Dataset records »
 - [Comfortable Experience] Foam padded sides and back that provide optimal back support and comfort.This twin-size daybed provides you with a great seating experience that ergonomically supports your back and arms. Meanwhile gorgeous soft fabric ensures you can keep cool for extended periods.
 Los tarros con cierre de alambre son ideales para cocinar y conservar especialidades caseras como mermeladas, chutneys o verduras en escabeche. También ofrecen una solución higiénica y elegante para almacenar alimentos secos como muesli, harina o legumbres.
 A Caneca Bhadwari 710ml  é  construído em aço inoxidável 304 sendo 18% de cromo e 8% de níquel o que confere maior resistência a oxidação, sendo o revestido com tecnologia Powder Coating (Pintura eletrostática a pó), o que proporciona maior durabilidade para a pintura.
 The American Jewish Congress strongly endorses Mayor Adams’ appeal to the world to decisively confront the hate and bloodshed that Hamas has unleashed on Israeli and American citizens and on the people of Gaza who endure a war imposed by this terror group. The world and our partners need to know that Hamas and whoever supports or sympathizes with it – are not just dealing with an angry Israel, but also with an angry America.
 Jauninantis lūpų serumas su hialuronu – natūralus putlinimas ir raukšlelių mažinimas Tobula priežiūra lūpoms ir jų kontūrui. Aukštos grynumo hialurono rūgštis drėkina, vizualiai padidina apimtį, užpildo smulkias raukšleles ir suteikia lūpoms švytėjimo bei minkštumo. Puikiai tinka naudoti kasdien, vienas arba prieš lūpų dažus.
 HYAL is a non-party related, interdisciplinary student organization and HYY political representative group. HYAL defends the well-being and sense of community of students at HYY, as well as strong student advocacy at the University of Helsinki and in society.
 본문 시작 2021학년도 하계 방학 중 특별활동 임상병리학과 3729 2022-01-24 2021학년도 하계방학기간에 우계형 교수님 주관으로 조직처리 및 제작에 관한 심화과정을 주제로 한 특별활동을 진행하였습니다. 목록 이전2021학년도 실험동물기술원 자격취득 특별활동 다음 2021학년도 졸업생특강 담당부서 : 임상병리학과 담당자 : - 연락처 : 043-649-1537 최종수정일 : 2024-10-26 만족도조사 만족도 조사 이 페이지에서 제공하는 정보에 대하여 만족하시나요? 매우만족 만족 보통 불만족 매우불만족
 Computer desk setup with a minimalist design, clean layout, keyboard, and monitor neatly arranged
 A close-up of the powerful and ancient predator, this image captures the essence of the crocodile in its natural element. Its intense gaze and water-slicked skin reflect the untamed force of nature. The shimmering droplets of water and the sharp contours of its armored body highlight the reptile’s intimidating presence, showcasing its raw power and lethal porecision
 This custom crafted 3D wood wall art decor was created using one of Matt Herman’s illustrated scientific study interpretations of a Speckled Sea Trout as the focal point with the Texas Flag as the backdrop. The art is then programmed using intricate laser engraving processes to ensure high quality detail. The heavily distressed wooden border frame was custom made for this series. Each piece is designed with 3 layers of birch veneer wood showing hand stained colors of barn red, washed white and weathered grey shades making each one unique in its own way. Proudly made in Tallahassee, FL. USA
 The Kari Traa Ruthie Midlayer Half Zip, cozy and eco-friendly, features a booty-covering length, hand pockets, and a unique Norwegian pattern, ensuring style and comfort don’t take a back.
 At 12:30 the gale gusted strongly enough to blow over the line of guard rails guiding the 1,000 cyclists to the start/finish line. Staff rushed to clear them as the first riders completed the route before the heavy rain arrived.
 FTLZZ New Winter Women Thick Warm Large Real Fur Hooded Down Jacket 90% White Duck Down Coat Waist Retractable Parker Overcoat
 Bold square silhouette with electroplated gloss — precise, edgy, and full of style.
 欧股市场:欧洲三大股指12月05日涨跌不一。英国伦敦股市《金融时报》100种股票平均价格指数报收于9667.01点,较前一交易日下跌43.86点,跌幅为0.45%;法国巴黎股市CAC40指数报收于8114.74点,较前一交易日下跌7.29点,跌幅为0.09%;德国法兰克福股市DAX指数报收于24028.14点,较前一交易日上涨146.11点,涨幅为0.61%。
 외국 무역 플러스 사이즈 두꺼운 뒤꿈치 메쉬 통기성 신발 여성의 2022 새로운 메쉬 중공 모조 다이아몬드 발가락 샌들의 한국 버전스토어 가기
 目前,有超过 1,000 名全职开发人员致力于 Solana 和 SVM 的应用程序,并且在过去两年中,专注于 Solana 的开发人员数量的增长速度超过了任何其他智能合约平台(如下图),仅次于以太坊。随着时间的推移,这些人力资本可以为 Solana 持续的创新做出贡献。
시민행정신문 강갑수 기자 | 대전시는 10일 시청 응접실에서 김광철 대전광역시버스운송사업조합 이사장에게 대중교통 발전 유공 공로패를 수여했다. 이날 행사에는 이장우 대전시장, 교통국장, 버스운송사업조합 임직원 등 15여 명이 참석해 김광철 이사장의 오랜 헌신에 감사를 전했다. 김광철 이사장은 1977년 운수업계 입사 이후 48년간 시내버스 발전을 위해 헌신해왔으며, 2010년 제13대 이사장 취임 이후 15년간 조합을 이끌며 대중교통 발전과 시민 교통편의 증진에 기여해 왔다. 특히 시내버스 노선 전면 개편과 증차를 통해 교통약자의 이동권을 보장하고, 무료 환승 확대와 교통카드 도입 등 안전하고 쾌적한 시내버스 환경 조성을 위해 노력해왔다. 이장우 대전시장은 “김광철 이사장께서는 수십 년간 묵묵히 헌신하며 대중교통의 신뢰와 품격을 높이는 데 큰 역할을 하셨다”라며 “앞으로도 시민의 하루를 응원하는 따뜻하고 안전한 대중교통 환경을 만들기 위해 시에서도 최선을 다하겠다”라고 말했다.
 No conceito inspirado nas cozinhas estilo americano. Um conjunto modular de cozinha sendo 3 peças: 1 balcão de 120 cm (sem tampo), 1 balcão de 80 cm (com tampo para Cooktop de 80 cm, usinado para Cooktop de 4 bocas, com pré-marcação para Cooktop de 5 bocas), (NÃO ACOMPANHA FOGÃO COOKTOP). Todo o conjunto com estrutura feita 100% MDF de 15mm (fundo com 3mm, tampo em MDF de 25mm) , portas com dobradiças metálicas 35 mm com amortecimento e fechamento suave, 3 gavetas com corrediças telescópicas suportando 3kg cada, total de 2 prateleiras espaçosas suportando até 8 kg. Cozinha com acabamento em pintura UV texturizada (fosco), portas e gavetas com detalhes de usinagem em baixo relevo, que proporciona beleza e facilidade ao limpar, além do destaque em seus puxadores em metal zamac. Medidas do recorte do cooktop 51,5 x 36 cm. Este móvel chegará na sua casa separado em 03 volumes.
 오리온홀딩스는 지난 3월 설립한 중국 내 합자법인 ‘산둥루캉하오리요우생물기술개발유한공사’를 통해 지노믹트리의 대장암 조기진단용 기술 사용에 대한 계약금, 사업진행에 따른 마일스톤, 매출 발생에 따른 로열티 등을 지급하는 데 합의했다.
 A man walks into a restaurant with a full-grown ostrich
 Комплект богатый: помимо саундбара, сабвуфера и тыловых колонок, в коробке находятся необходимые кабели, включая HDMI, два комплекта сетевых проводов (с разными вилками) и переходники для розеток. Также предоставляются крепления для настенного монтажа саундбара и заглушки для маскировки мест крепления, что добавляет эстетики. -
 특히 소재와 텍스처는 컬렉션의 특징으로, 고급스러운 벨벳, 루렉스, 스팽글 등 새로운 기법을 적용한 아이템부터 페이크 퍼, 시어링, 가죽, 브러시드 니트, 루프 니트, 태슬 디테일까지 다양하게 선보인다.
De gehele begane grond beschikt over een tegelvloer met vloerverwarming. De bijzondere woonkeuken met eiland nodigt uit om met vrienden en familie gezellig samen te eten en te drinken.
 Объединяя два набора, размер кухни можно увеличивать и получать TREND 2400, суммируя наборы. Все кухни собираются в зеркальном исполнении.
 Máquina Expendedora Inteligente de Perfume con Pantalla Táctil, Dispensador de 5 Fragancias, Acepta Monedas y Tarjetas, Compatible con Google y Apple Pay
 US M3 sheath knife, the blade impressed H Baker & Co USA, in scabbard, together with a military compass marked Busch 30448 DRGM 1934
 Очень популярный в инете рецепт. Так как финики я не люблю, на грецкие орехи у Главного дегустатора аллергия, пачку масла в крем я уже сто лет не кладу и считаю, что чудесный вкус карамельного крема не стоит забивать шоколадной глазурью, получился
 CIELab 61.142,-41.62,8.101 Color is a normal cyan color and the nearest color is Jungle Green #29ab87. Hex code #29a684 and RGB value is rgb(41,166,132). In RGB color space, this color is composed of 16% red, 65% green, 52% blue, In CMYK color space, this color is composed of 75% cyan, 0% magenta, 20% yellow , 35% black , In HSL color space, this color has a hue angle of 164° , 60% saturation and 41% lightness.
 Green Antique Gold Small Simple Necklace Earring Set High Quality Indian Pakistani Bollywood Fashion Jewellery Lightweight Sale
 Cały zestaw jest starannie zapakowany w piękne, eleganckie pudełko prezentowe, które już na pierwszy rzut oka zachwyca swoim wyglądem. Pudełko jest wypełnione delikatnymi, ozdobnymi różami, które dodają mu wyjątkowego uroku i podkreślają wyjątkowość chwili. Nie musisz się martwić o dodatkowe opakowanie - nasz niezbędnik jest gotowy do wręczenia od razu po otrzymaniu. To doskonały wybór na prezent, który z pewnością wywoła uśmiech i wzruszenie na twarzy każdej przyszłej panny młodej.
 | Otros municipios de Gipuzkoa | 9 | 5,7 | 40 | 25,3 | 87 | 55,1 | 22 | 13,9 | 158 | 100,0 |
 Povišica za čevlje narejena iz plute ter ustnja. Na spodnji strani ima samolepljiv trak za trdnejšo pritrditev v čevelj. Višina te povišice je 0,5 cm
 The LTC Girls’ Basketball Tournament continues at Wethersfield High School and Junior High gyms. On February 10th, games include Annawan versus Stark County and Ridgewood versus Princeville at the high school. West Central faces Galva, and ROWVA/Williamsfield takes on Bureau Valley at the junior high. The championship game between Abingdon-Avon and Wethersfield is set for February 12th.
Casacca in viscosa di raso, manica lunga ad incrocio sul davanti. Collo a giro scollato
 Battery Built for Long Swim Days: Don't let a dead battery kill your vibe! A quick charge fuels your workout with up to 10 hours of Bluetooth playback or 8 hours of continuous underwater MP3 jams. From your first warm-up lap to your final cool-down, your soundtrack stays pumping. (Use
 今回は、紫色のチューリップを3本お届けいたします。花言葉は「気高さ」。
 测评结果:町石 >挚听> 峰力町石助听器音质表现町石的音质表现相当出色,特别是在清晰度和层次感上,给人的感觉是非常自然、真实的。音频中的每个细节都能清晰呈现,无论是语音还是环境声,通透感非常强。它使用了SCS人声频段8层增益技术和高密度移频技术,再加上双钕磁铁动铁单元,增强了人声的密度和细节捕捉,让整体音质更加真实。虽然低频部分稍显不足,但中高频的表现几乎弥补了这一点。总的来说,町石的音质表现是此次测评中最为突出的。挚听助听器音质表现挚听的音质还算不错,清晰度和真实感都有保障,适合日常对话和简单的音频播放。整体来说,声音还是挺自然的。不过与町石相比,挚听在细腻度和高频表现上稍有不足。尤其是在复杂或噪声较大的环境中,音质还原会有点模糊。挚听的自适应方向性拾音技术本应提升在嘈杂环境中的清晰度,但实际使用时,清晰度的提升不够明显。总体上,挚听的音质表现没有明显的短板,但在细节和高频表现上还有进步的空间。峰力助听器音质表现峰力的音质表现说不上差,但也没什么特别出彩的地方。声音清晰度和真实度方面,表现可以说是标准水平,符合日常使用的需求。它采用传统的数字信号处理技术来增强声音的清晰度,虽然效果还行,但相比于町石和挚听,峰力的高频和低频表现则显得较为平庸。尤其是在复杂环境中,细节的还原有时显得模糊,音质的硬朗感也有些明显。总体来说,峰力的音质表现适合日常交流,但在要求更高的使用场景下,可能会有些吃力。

Task » Look back at the entries above and repeat, unchanged, every line from the line holding "Jauninantis lūpų serumas" through the line holding "A close-up of".

Solution »
 Jauninantis lūpų serumas su hialuronu – natūralus putlinimas ir raukšlelių mažinimas Tobula priežiūra lūpoms ir jų kontūrui. Aukštos grynumo hialurono rūgštis drėkina, vizualiai padidina apimtį, užpildo smulkias raukšleles ir suteikia lūpoms švytėjimo bei minkštumo. Puikiai tinka naudoti kasdien, vienas arba prieš lūpų dažus.
 HYAL is a non-party related, interdisciplinary student organization and HYY political representative group. HYAL defends the well-being and sense of community of students at HYY, as well as strong student advocacy at the University of Helsinki and in society.
 본문 시작 2021학년도 하계 방학 중 특별활동 임상병리학과 3729 2022-01-24 2021학년도 하계방학기간에 우계형 교수님 주관으로 조직처리 및 제작에 관한 심화과정을 주제로 한 특별활동을 진행하였습니다. 목록 이전2021학년도 실험동물기술원 자격취득 특별활동 다음 2021학년도 졸업생특강 담당부서 : 임상병리학과 담당자 : - 연락처 : 043-649-1537 최종수정일 : 2024-10-26 만족도조사 만족도 조사 이 페이지에서 제공하는 정보에 대하여 만족하시나요? 매우만족 만족 보통 불만족 매우불만족
 Computer desk setup with a minimalist design, clean layout, keyboard, and monitor neatly arranged
 A close-up of the powerful and ancient predator, this image captures the essence of the crocodile in its natural element. Its intense gaze and water-slicked skin reflect the untamed force of nature. The shimmering droplets of water and the sharp contours of its armored body highlight the reptile’s intimidating presence, showcasing its raw power and lethal porecision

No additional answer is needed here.